This is an interesting one. My analysis is obviously incomplete at this moment, and I will not cover every single thing I saw (although the notch filter is definitely not configured properly), but it still might be helpful.
I will concentrate not on a crash, but on the first hiccup moment of the flight and on the following 25 seconds, because, as we will see later, something likely happened with the machine which complicates the further analysis. A video of the incident would have helped, but I would understand if there was none.
What I call the hiccup, started at timestamp 17:15, when the machine flying at horizontal speed of about 11 m/s was commanded to stop by moving the pitch stick from almost full forward to center in two seconds. The machine reacted by braking as expected, which changed desired pitch from about -7 degrees to about +9 degrees, and then, later, to +21 degrees. Around that moment, at 17:18, actual pitch started to run out of control, and things went haywire.
Note that here at this moment, the GPS altitude raised a little bit, from 10.8 to 11.1 meters, although this was not commanded: the throttle stick was centered at this time, and remained pretty much centered throughout the whole time segment I am talking about. What else changed is that CTUN.ThO, which indicates the relative average thrust commanded, went to straight zero just before the loss of control.
What I suspect was happening on the physics side of things, is a combination of several factors, although I am not quite sure in which proportions:
- Lift from the propellers increased temporarily as the machine was slowing down.
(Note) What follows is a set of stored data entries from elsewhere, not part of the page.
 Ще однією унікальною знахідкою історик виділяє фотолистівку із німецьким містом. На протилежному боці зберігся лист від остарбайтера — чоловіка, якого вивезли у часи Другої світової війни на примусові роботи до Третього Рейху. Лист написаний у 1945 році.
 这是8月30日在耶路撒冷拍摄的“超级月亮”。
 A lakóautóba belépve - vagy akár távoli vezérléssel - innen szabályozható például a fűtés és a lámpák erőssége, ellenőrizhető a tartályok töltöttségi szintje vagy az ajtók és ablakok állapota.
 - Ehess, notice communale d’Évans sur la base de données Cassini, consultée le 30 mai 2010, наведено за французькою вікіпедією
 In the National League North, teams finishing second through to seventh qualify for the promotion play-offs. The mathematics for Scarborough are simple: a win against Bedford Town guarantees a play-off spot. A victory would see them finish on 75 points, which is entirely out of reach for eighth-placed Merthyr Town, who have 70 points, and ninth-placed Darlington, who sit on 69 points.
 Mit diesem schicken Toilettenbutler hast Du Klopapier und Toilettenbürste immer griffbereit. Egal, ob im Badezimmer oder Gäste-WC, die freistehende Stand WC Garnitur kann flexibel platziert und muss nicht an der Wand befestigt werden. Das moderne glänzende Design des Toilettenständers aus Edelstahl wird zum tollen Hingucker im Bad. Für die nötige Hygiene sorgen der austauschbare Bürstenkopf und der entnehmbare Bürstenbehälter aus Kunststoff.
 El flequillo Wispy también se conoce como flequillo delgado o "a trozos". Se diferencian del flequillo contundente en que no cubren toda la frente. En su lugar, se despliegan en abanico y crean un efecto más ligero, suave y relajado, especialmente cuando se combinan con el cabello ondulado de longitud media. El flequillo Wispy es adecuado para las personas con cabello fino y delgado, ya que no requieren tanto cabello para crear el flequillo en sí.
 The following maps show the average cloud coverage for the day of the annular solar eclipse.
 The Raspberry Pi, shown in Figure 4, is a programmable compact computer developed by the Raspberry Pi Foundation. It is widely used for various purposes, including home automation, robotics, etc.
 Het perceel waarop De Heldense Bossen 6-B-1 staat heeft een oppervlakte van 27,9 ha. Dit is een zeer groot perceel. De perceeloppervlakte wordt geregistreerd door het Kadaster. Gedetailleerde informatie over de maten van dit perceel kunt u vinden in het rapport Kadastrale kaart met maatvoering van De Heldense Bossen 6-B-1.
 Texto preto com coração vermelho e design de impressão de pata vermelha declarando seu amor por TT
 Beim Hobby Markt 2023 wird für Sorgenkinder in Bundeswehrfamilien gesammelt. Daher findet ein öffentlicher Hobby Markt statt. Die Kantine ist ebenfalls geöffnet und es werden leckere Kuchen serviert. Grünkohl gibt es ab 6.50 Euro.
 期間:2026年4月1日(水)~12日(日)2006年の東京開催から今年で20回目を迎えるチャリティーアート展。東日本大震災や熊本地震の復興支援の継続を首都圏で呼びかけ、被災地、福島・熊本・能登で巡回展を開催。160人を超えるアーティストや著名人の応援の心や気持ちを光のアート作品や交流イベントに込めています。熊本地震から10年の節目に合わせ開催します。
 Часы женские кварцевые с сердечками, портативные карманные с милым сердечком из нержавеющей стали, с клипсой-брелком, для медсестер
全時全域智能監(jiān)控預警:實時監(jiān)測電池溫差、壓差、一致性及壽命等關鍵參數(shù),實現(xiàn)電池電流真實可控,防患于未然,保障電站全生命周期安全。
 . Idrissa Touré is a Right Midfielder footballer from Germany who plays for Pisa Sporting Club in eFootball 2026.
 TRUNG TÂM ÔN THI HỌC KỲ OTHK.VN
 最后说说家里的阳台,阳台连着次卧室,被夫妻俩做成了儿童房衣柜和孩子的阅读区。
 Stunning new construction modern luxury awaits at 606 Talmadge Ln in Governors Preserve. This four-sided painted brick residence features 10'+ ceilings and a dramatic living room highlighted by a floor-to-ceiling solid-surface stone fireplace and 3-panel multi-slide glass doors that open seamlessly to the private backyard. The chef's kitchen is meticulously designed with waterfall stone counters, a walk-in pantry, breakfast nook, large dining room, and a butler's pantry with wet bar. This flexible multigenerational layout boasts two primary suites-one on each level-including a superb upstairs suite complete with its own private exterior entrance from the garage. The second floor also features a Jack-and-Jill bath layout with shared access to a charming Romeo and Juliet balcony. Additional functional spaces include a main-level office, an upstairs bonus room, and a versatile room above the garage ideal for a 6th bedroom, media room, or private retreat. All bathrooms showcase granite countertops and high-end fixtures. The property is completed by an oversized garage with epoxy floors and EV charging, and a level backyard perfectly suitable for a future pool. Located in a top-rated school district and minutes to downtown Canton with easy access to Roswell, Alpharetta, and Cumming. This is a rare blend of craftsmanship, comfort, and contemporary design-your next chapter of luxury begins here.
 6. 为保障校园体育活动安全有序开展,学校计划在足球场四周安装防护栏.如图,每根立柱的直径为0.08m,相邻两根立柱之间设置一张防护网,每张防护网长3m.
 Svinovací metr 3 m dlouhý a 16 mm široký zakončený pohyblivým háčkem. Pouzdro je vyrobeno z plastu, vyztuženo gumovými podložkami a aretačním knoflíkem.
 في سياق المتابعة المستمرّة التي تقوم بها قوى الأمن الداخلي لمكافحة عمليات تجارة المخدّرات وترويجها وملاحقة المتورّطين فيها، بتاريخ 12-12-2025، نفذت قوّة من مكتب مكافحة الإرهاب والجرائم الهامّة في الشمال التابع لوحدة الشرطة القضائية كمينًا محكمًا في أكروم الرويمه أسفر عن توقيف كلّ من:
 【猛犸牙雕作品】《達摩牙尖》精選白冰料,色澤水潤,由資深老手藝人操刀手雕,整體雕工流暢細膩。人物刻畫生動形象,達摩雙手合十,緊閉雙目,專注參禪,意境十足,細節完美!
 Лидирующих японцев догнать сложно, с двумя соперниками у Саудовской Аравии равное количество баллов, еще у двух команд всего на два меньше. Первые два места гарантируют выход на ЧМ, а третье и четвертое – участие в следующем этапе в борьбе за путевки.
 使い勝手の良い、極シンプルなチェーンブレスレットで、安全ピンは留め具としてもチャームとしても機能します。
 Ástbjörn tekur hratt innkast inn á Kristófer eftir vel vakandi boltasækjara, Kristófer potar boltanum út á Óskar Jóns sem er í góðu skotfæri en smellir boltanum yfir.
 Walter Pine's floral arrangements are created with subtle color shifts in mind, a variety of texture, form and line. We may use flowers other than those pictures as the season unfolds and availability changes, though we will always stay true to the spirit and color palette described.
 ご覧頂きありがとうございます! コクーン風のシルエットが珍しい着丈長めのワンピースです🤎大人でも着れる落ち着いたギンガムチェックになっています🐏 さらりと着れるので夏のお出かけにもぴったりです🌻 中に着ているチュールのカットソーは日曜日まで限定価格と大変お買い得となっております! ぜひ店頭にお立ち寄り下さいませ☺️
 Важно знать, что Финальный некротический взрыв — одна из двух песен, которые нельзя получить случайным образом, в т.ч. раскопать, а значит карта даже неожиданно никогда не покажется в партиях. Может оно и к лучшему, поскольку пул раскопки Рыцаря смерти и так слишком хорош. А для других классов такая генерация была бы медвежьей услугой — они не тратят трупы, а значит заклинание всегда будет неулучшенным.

As you brake, you are pushing the machine onto the oncoming undisturbed air, which you have some speed against, propeller bottom first, which temporarily increases the apparent lift.
- Propeller inertia made it impossible to slow down some of the propellers as quickly as the current configuration required them to do, so Ardupilot was essentially thinking the props rotated slower than they actually did
- The value of
MOT_SPIN_MIN was set to a default, which may be appropriate for a machine flying at roughly half throttle, and not appropriate to a lightweight machine that was hovering at around 0.18. Ideally, this one is set such that on minimum expected battery charge the resulting rotation speed still follows the general throttle curve, but not much more than that.
With CTUN.ThO at zero, motors started to hit MOT_SPIN_MIN, and with the configured throttle mixing, the machine started to give up its authority on axes to preserve zero throttle - otherwise, it thought, it would have run away. This is why the 17:15-17:18 section of RCOU looks the way it looks.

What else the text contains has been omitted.